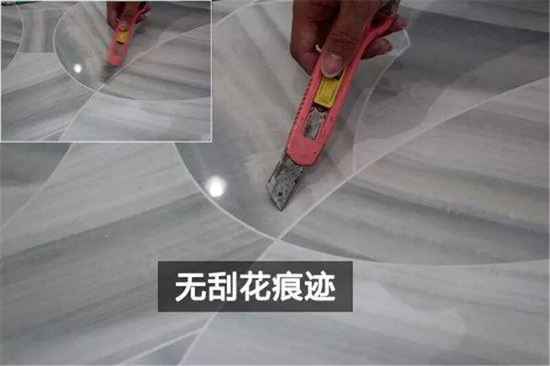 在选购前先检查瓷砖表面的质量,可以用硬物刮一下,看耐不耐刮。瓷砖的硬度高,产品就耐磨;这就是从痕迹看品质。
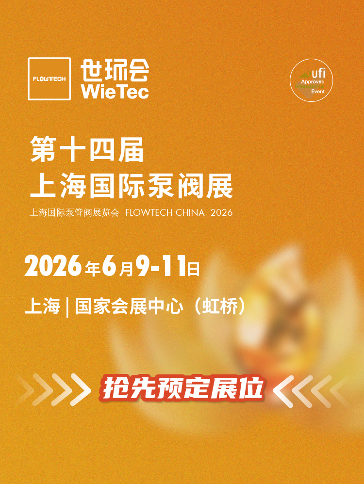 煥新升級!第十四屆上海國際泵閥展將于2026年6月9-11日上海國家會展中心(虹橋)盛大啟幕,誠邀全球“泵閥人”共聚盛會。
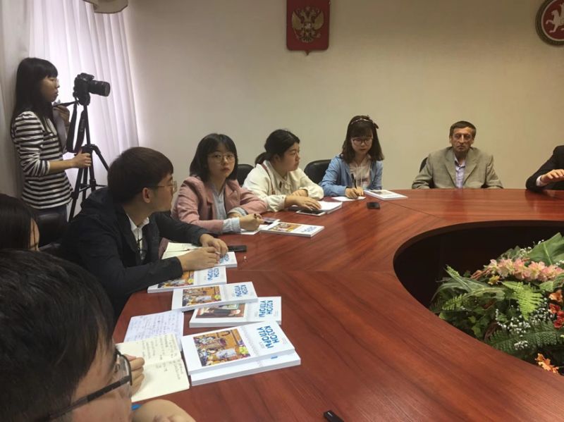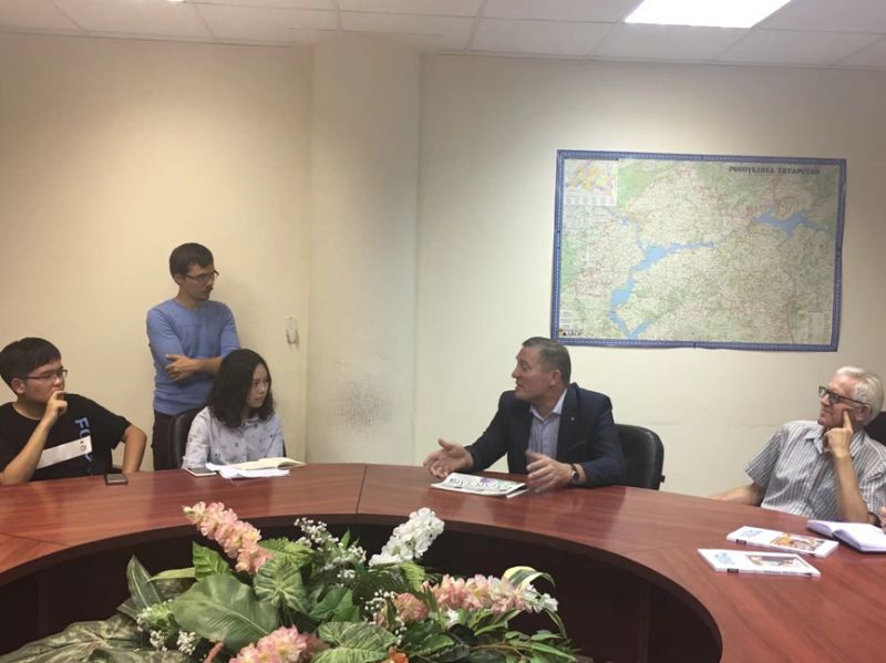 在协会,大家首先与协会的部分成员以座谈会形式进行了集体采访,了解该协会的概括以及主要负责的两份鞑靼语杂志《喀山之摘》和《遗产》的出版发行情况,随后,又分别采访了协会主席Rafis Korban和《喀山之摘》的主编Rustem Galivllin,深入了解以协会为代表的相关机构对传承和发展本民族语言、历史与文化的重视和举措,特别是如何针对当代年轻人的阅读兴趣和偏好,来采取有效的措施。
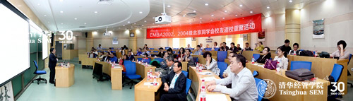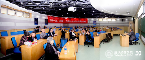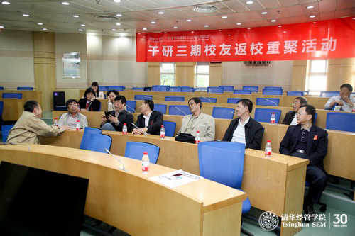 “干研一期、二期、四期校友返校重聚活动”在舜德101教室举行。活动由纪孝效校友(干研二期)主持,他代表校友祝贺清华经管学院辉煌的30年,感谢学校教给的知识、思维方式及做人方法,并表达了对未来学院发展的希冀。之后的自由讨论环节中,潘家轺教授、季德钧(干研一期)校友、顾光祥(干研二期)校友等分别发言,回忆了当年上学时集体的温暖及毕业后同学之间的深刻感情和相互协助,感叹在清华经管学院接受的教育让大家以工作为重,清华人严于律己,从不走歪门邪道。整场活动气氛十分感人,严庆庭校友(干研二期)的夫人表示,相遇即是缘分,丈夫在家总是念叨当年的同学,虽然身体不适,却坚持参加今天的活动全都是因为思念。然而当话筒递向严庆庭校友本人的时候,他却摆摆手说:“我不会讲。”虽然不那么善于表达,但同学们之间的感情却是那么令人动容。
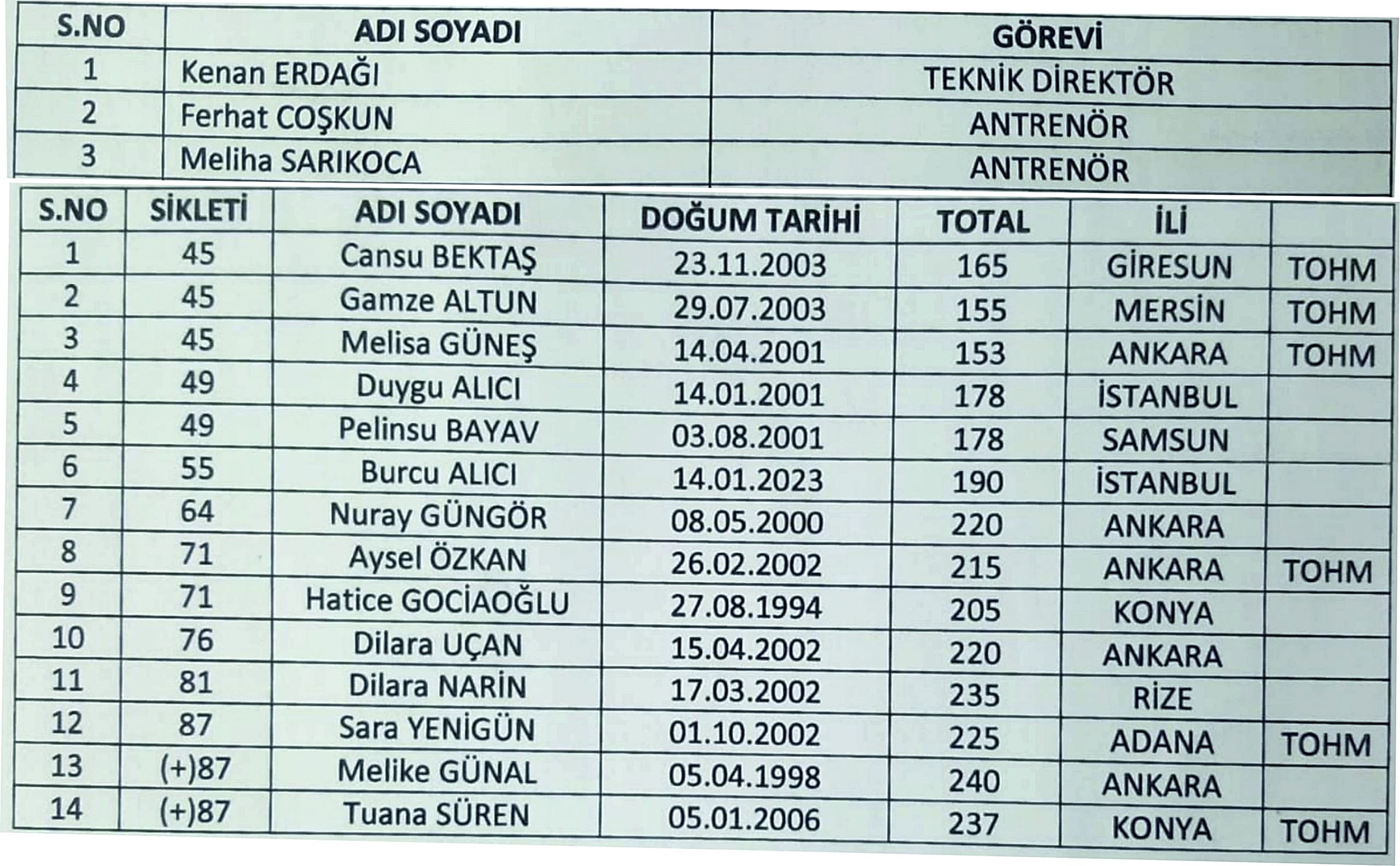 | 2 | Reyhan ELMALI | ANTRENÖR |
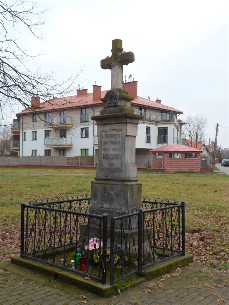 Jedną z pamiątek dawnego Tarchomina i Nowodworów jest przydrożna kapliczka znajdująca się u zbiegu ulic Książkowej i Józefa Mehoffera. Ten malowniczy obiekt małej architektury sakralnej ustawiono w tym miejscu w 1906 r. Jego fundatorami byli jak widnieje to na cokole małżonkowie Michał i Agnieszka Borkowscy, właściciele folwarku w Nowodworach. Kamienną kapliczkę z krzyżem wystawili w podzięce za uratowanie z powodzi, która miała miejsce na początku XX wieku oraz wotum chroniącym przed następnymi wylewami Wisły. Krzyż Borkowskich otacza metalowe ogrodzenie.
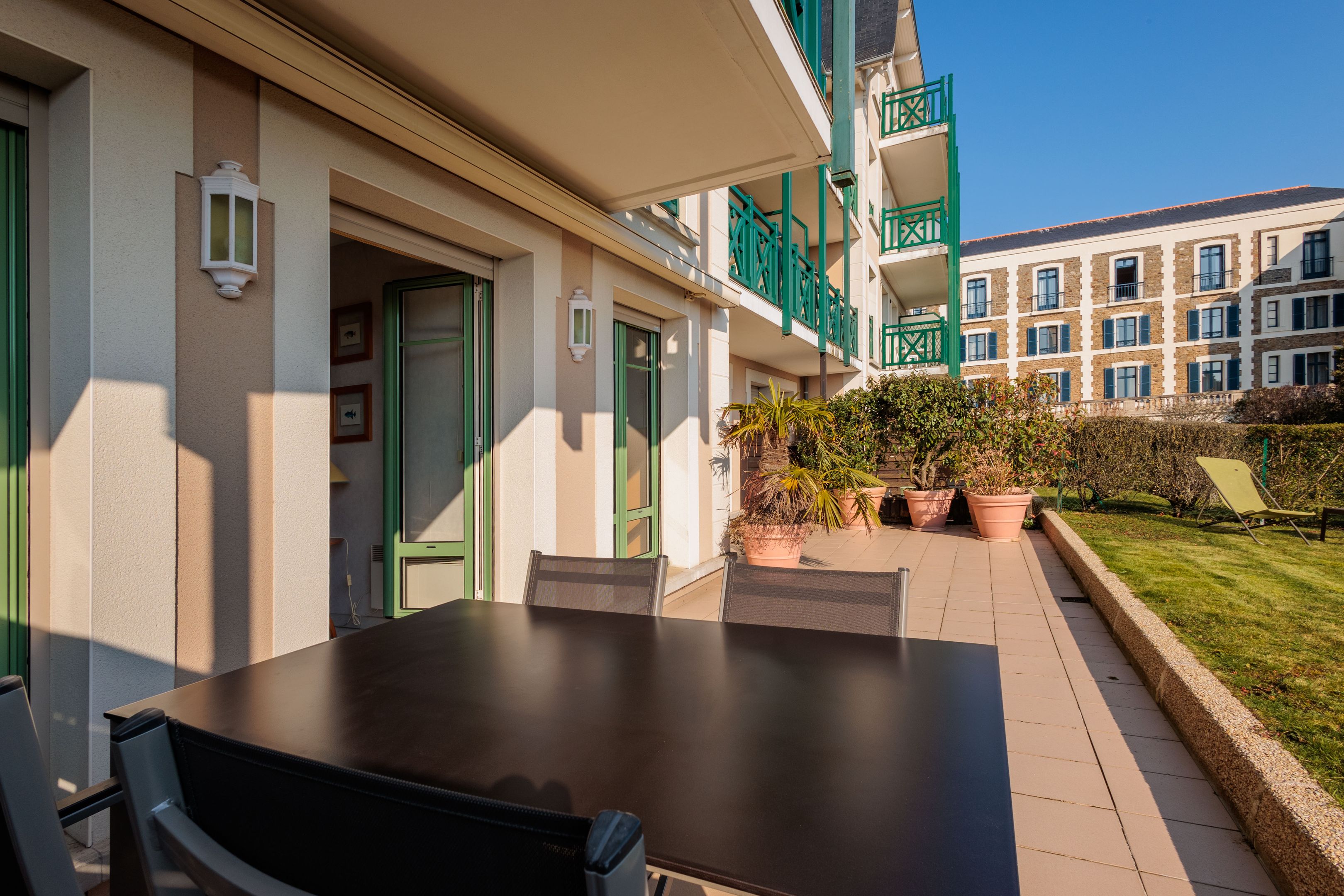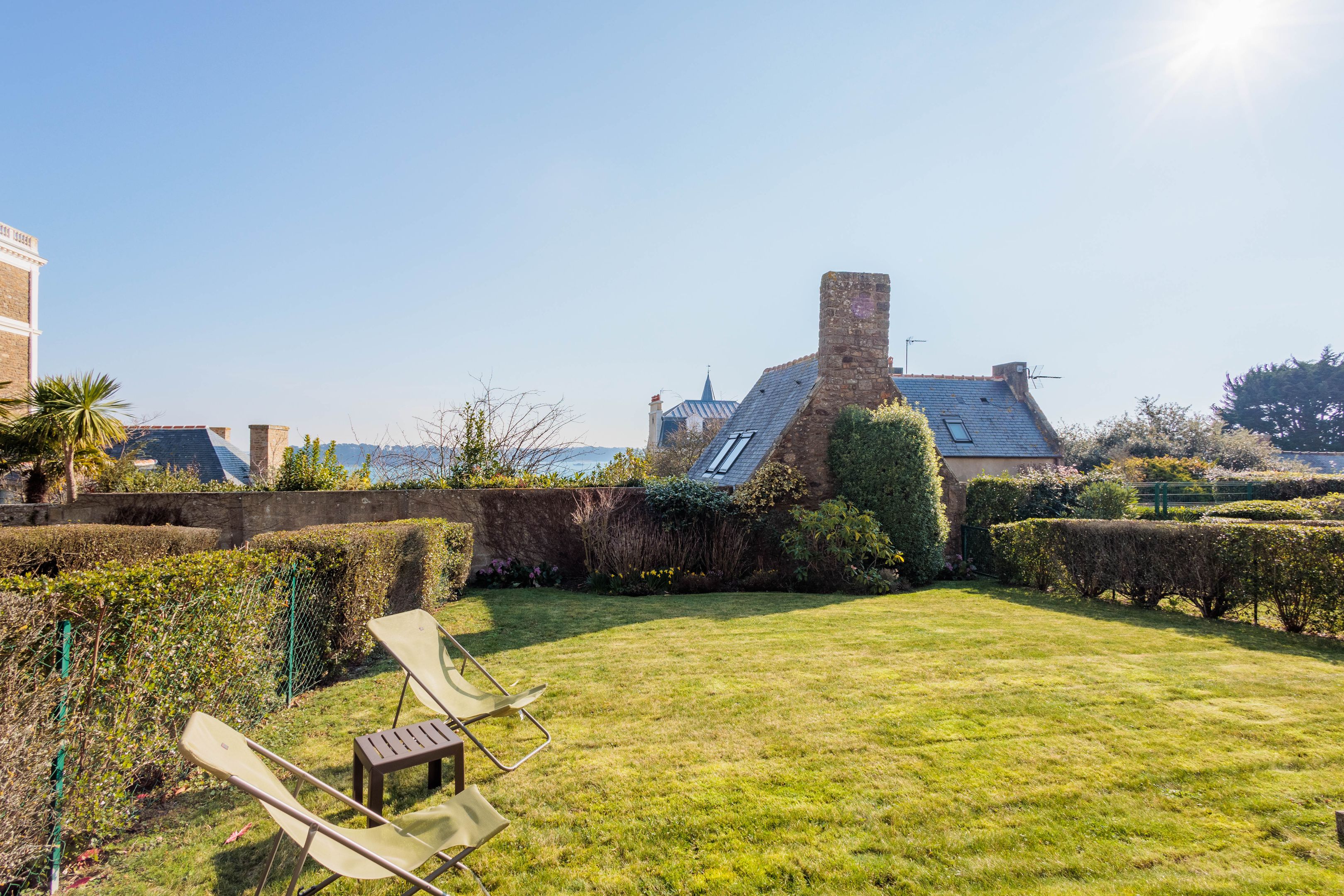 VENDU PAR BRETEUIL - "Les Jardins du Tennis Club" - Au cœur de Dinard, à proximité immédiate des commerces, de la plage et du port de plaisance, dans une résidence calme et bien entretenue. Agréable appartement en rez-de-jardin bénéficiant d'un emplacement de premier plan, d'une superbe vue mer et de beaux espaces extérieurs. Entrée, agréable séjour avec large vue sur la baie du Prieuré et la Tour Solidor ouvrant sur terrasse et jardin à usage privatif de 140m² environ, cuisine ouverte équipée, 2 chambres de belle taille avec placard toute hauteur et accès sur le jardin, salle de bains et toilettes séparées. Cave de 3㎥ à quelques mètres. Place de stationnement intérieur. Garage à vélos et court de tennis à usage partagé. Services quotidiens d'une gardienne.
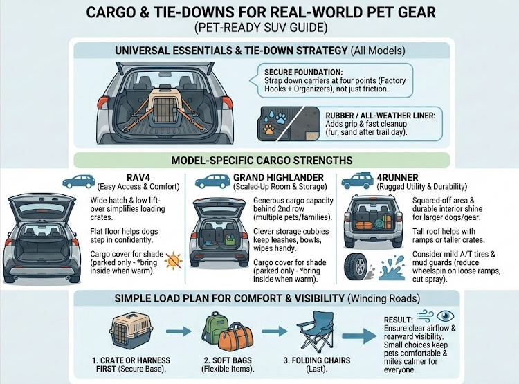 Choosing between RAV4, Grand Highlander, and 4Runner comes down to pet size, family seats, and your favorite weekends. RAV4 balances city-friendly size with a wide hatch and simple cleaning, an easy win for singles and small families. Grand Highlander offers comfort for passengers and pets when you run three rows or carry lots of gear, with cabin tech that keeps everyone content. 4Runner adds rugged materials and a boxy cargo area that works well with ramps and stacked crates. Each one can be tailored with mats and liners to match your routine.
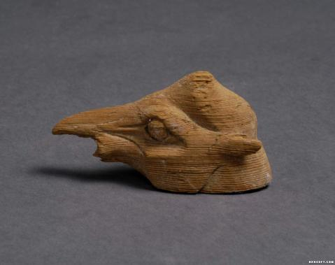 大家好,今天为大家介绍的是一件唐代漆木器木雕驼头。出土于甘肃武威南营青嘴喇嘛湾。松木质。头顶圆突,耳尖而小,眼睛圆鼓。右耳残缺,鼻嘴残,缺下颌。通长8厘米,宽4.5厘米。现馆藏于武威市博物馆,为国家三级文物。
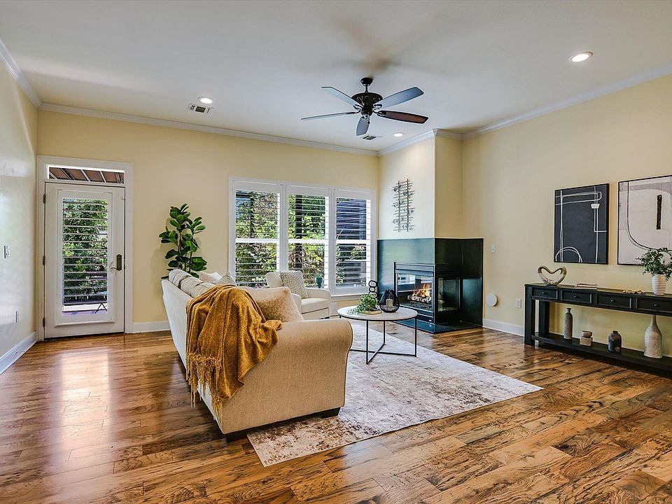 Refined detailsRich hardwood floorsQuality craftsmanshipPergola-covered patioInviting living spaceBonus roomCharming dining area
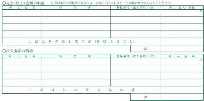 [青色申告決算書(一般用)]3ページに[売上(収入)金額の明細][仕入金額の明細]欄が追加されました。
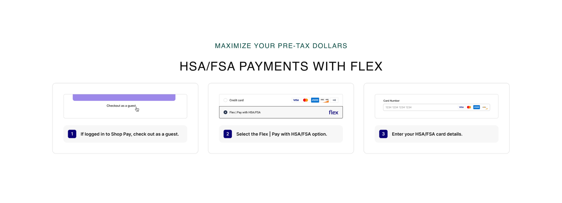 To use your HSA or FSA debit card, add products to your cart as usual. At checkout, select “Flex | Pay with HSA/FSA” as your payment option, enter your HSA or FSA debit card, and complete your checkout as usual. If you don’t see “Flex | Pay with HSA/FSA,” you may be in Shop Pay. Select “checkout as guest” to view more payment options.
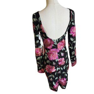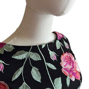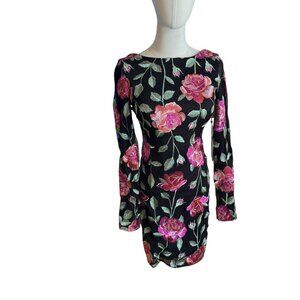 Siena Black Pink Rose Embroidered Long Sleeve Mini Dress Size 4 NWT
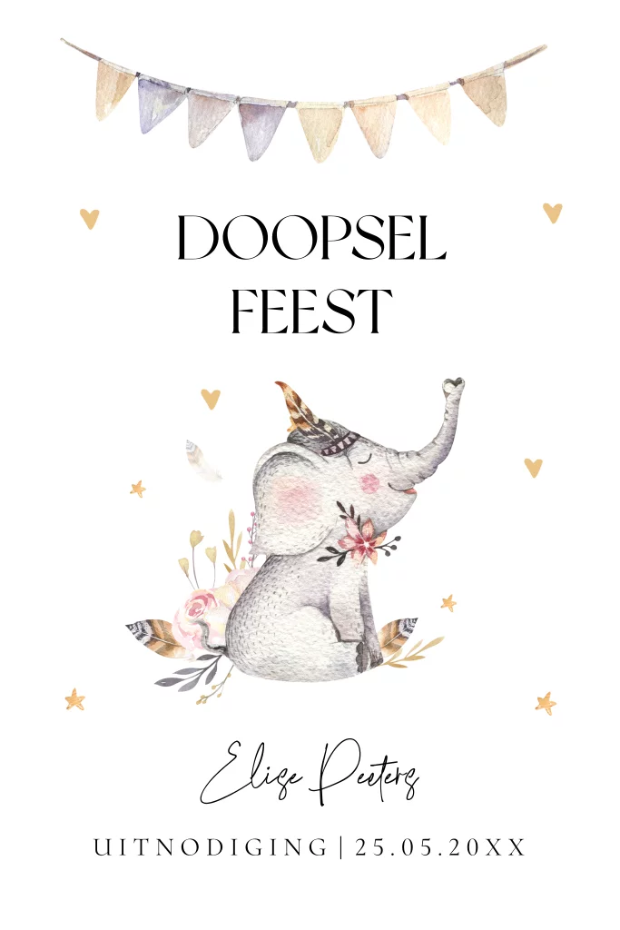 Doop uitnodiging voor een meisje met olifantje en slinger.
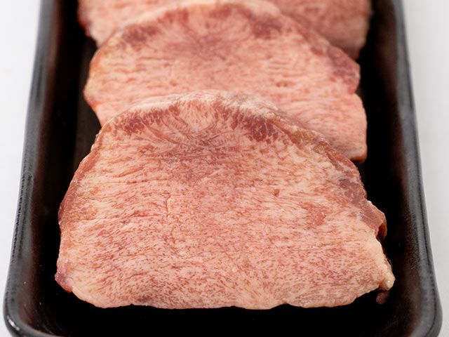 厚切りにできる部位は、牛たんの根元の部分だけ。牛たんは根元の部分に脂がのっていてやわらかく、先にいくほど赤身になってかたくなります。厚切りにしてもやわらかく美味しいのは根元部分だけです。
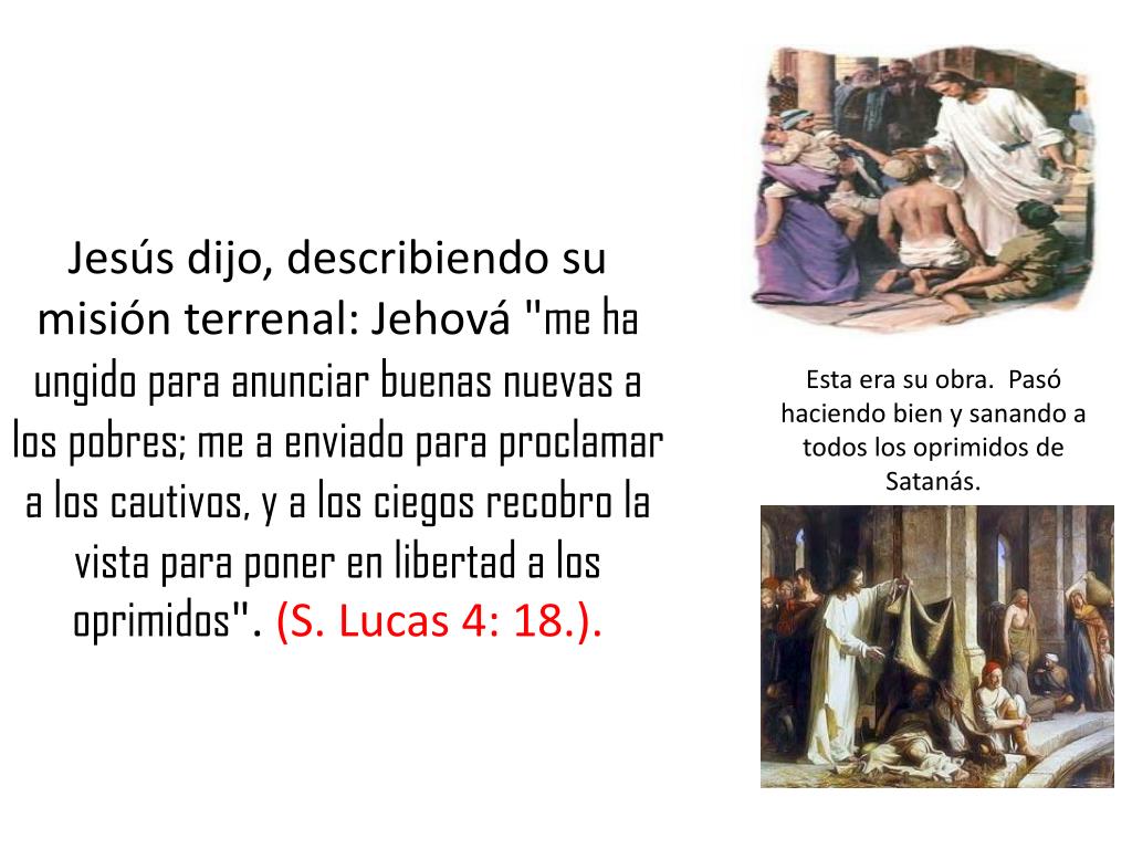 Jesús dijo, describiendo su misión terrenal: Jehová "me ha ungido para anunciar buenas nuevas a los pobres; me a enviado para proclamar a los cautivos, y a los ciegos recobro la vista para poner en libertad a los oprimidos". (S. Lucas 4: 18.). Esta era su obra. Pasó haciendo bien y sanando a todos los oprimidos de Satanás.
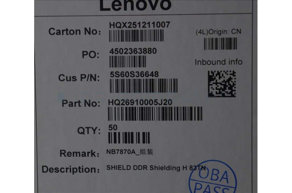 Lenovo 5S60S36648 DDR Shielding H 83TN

····················

__Task statement__: An exact copy is needed of the lines running from the one with "Choosing between RAV4, Grand" through the end of the data above, and of those lines only, without pictures.

__Result__:
 Choosing between RAV4, Grand Highlander, and 4Runner comes down to pet size, family seats, and your favorite weekends. RAV4 balances city-friendly size with a wide hatch and simple cleaning, an easy win for singles and small families. Grand Highlander offers comfort for passengers and pets when you run three rows or carry lots of gear, with cabin tech that keeps everyone content. 4Runner adds rugged materials and a boxy cargo area that works well with ramps and stacked crates. Each one can be tailored with mats and liners to match your routine.
 大家好,今天为大家介绍的是一件唐代漆木器木雕驼头。出土于甘肃武威南营青嘴喇嘛湾。松木质。头顶圆突,耳尖而小,眼睛圆鼓。右耳残缺,鼻嘴残,缺下颌。通长8厘米,宽4.5厘米。现馆藏于武威市博物馆,为国家三级文物。
 Refined detailsRich hardwood floorsQuality craftsmanshipPergola-covered patioInviting living spaceBonus roomCharming dining area
 [青色申告決算書(一般用)]3ページに[売上(収入)金額の明細][仕入金額の明細]欄が追加されました。
 To use your HSA or FSA debit card, add products to your cart as usual. At checkout, select “Flex | Pay with HSA/FSA” as your payment option, enter your HSA or FSA debit card, and complete your checkout as usual. If you don’t see “Flex | Pay with HSA/FSA,” you may be in Shop Pay. Select “checkout as guest” to view more payment options.
 Siena Black Pink Rose Embroidered Long Sleeve Mini Dress Size 4 NWT
 Doop uitnodiging voor een meisje met olifantje en slinger.
 厚切りにできる部位は、牛たんの根元の部分だけ。牛たんは根元の部分に脂がのっていてやわらかく、先にいくほど赤身になってかたくなります。厚切りにしてもやわらかく美味しいのは根元部分だけです。
 Jesús dijo, describiendo su misión terrenal: Jehová "me ha ungido para anunciar buenas nuevas a los pobres; me a enviado para proclamar a los cautivos, y a los ciegos recobro la vista para poner en libertad a los oprimidos". (S. Lucas 4: 18.). Esta era su obra. Pasó haciendo bien y sanando a todos los oprimidos de Satanás.
 Lenovo 5S60S36648 DDR Shielding H 83TN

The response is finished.